IHA
Oluşturulma Tarihi: Şubat 19, 2016 15:16
TEPEBAŞI BELEDİYESİ’NİN KENT-KÜLTÜR SÖYLEŞİLERİ DEVAM EDİYOR. ŞAİR HAYDAR ERGÜLEN’İN YÖNETTİĞİ SÖYLEŞİLERİN BU DEFAKİ KONUĞU GAZETECİ METE ÇUBUKÇU’YDU.
Tepebaşı Belediyesi’nin sürdürdüğü ve şair Haydar Ergülen’in yönettiği kent-kültür söyleşilerin bu defaki konuğu gazeteci Mete Çubukçu’ydu.
Özdilek Sanat Merkezi’ndeki Oktay Ekinci Salonu’nda gerçekleştirilen söyleşi, Ankara’da meydana gelen bombalı saldırıda yaşamını yitirenler için bir dakikalık saygı duruşuyla başladı. “Orta Doğu Üzerine” konulu söyleşide konuşan gazeteci Mete Çubukçu, ’Yurtta sulh, cihanda sulh’ diye bir şeyin varlığından geçmişte bahsedildiğini vurgulayarak, "Şimdi, Orta Doğu deyince, şiddet-terör, bu tür olaylar aklımıza geliyor. Arap ayaklanması sırasında Mısır’da çok uzun bir vakit geçirdim. Oradaki gençlerin, oradaki insanların heyecanı beni de heyecanlandırmıştı. Herkes her şeyi becerebilir ama, o kadar karmaşık, o kadar farklı, güçlü yükün altına elinizi soktuğunuz bir bölge ki. Ve herkesin oynadığı bir bölge. Tunus’ta işçi sendikaları çok güçlüdür. Çok fazla bilmeyiz.
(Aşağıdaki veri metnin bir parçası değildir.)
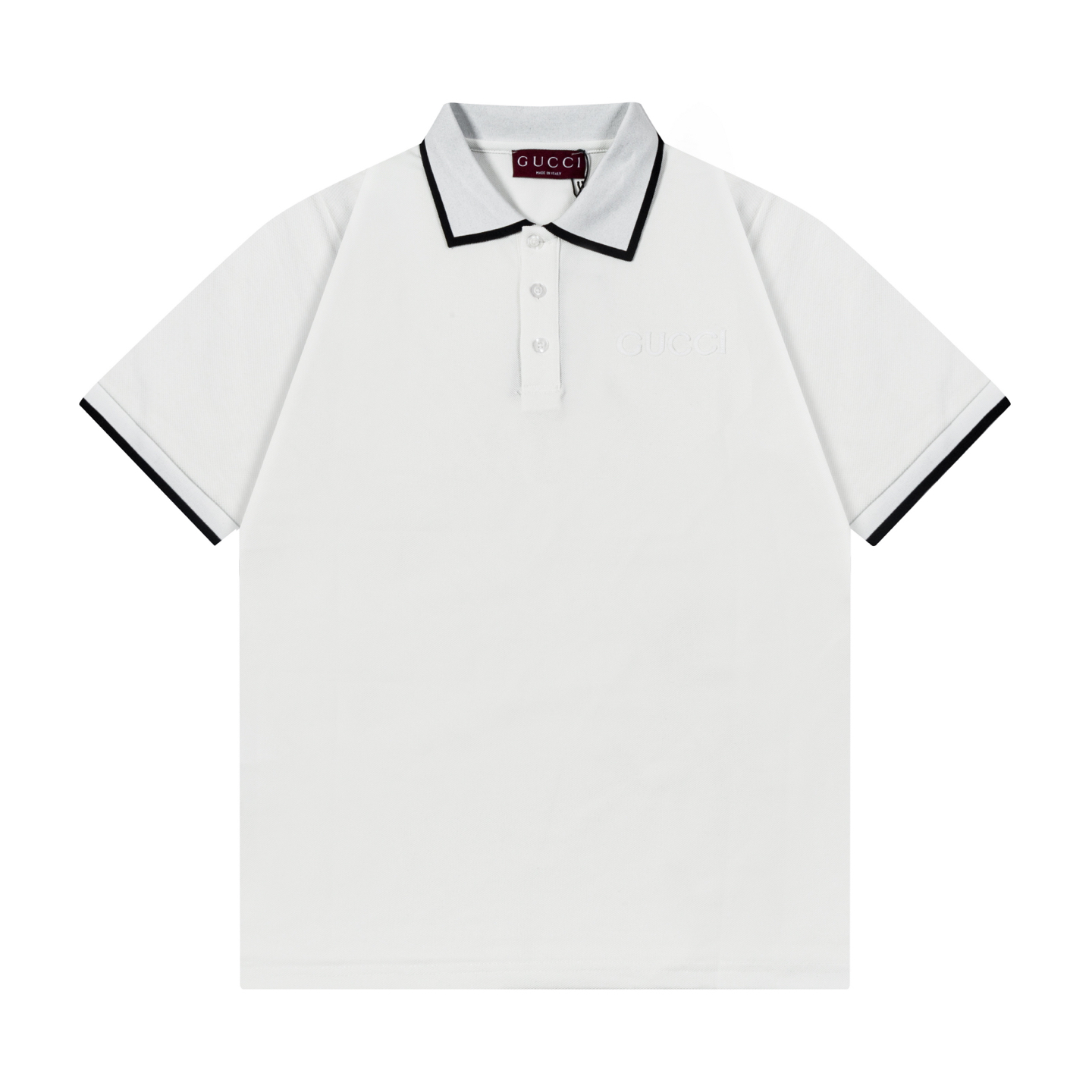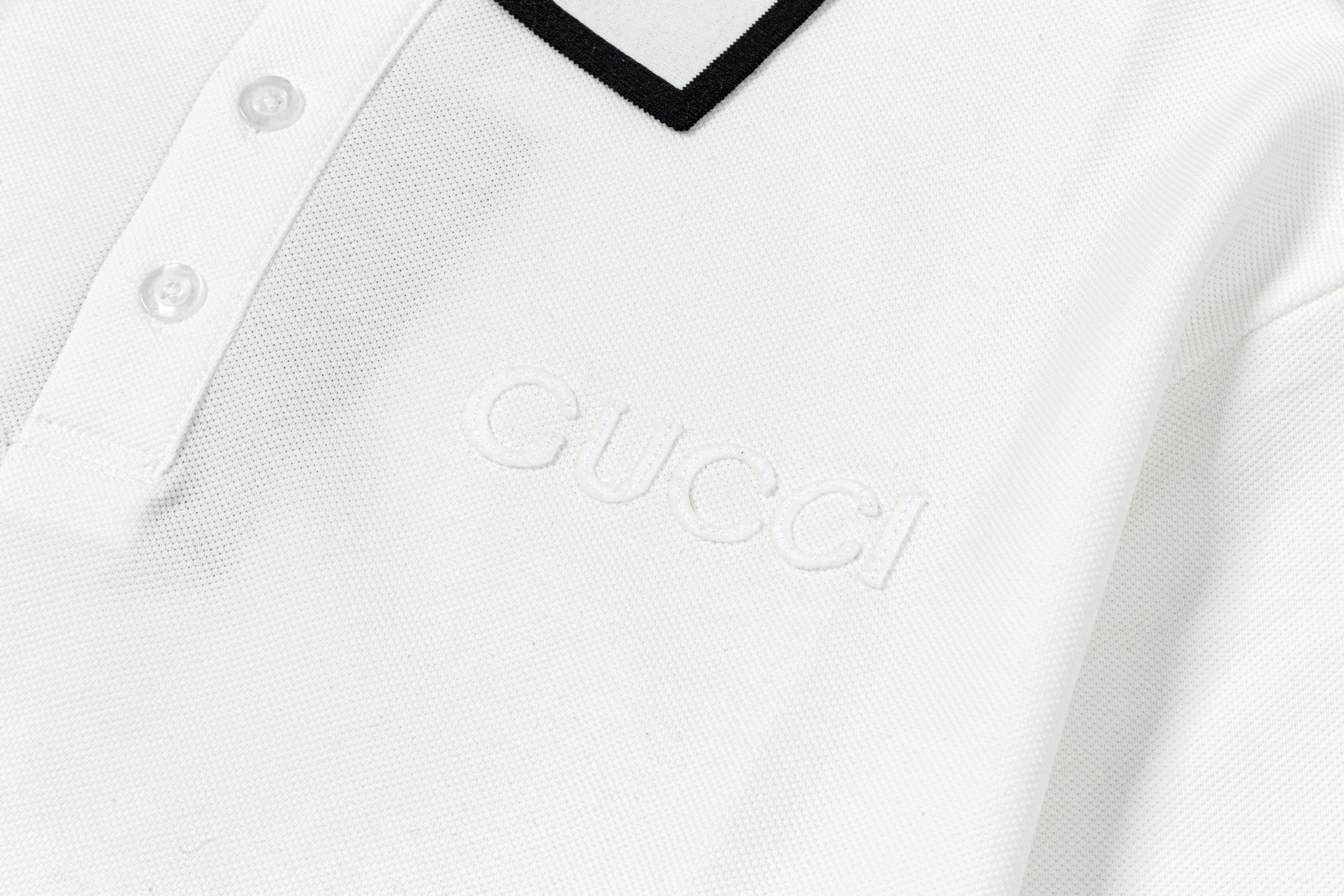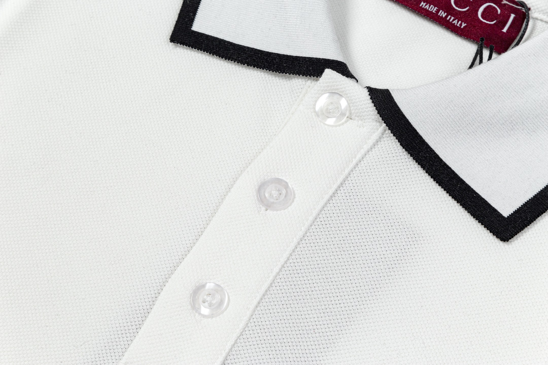 【Product Overview】 This 2025 new casual polo shirt from Gucci features the iconic Double G logo embroidery on the chest and a stylish black-and-white color-blocked collar. Designed for both men and women, this shirt blends comfort and luxury perfectly.
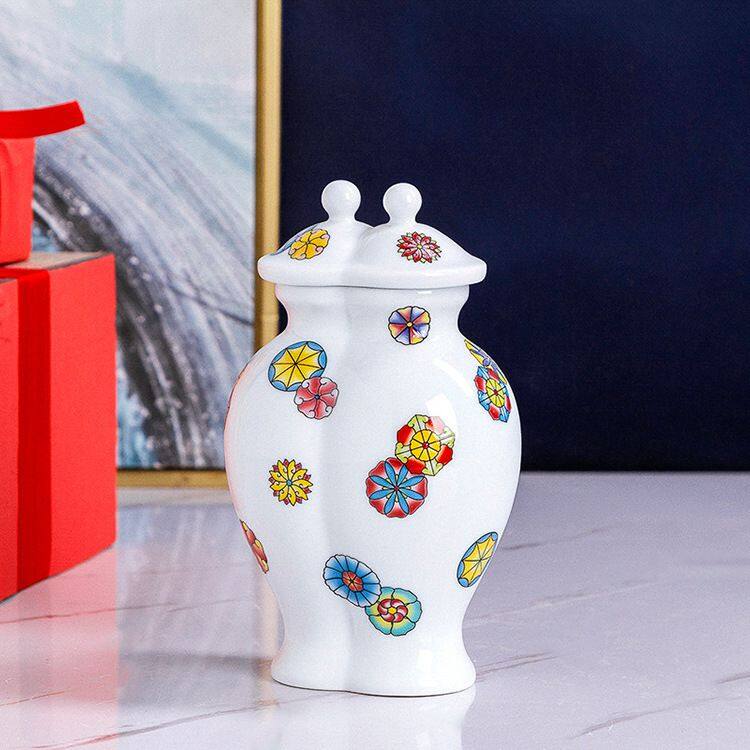 European Style Light Luxury Gild Red Yellow Ceramic Mushroom Bottle Decor For Hallway
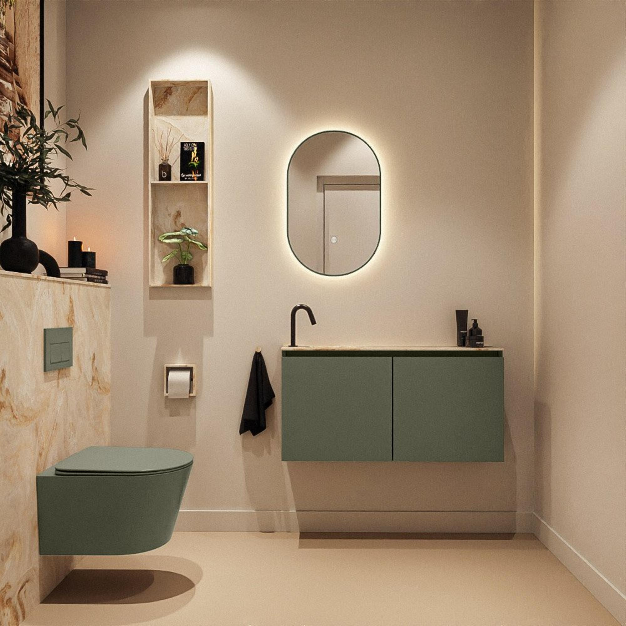 Le caisson est réalisé en MDF vert Army, une couleur contemporaine qui donne immédiatement plus de caractère à votre WC ou salle de bains. Cette teinte de vert profond se combine très bien avec des robinets noirs, du métal brossé ou, au contraire, du chrome classique. Les façades sans poignées offrent une apparence moderne et épurée et évitent que des poignées saillantes ne gênent la circulation dans un petit espace. Les deux portes offrent un espace de rangement surprenant pour les articles de toilette, tandis que la technique softclose garantit une fermeture silencieuse : agréable si vous utilisez le meuble de manière intensive ou si vous entrez encore dans la salle de bains tard le soir. Vous profitez ainsi chaque jour de confort, de tranquillité et d’une apparence bien ordonnée.

Mısır’da tarım kesimi, yine işçi sendikaları, özellikle tarımla bağlantılı sendikalar çok güçlüdür. Bu tür ayaklanmalarda bunlar inisiyatif kullanmıştır. İslam gerçekten önemli bir unsurdur, gerçekten hayatın her alanında vardır, bunu doğal karşılamak gerekir. Çok uzun yıllar oradaki rejimler çoğu şeye izin vermedi. Demokrasilerde, bu ülkede de her şeye rağmen kör- topal bir şeyleri götürmeye çalışıyoruz. Orta Doğu bilinmesi gereken bir coğrafyadır. Siz Orta Doğu’ya girerseniz, o da sizin içinize girer. Bu sadece Türkiye için değil, tüm ülkeler için geçerlidir. Bugün İŞİD terörü, mülteci meselesi artık sadece bu bölgenin meselesi değil, Avrupa’nın meselesidir" dedi.
"BAŞKASININ EVİNE TAŞ ATARSAN, ONLAR DA SENİN EVİNİ TAŞLARLAR"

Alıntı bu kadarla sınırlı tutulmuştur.